#### What to do
Every line of the listing below is to be duplicated exactly, with the pictures left out.

#### Dataset excerpt
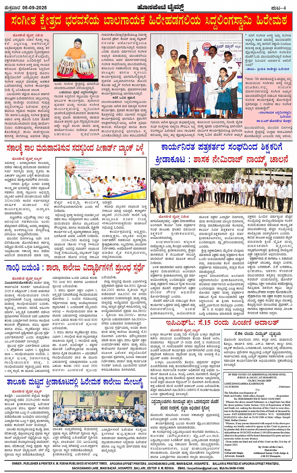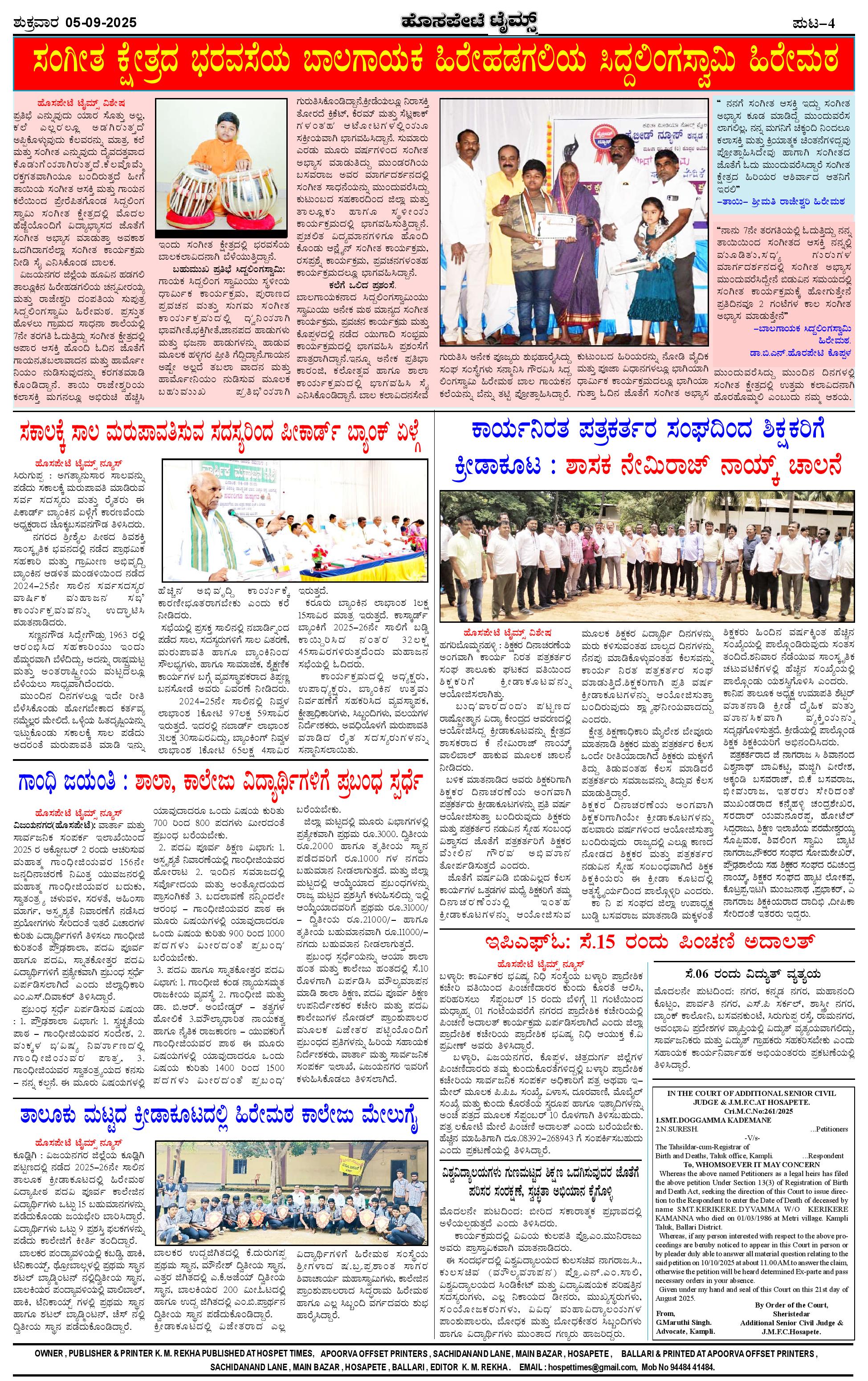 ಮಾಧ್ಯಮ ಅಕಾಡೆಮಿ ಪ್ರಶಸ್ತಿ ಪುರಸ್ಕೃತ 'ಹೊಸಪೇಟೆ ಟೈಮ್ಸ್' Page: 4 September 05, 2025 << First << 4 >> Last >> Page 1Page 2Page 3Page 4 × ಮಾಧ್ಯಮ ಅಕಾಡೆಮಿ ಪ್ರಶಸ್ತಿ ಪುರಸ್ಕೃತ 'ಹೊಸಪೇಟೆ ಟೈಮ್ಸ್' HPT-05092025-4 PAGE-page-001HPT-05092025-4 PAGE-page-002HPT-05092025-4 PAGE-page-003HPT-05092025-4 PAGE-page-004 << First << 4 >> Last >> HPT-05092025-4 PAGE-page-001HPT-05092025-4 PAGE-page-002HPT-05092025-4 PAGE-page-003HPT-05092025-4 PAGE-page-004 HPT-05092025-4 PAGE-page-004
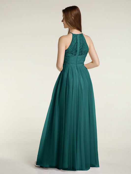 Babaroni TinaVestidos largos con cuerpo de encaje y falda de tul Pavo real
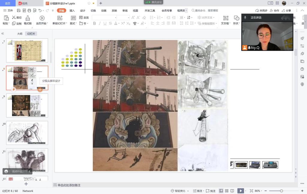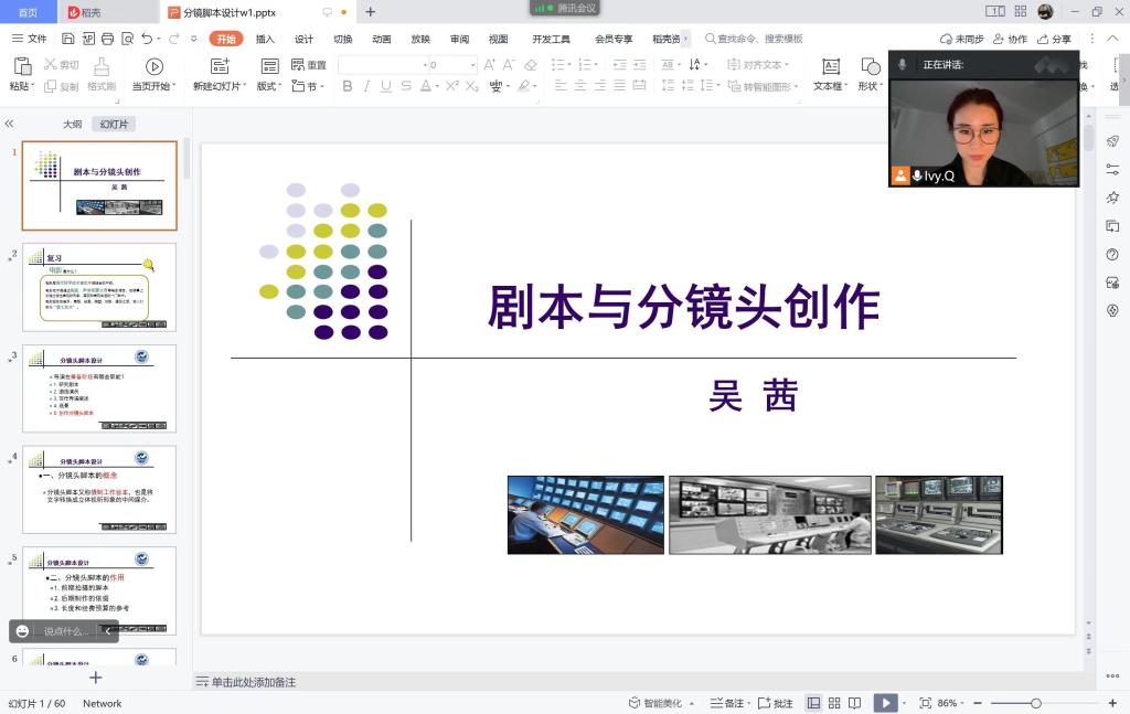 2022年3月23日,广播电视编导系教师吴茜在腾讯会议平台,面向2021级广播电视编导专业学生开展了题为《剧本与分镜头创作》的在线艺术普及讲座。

#### Result of this task
 ಮಾಧ್ಯಮ ಅಕಾಡೆಮಿ ಪ್ರಶಸ್ತಿ ಪುರಸ್ಕೃತ 'ಹೊಸಪೇಟೆ ಟೈಮ್ಸ್' Page: 4 September 05, 2025 << First << 4 >> Last >> Page 1Page 2Page 3Page 4 × ಮಾಧ್ಯಮ ಅಕಾಡೆಮಿ ಪ್ರಶಸ್ತಿ ಪುರಸ್ಕೃತ 'ಹೊಸಪೇಟೆ ಟೈಮ್ಸ್' HPT-05092025-4 PAGE-page-001HPT-05092025-4 PAGE-page-002HPT-05092025-4 PAGE-page-003HPT-05092025-4 PAGE-page-004 << First << 4 >> Last >> HPT-05092025-4 PAGE-page-001HPT-05092025-4 PAGE-page-002HPT-05092025-4 PAGE-page-003HPT-05092025-4 PAGE-page-004 HPT-05092025-4 PAGE-page-004
 Babaroni TinaVestidos largos con cuerpo de encaje y falda de tul Pavo real
 2022年3月23日,广播电视编导系教师吴茜在腾讯会议平台,面向2021级广播电视编导专业学生开展了题为《剧本与分镜头创作》的在线艺术普及讲座。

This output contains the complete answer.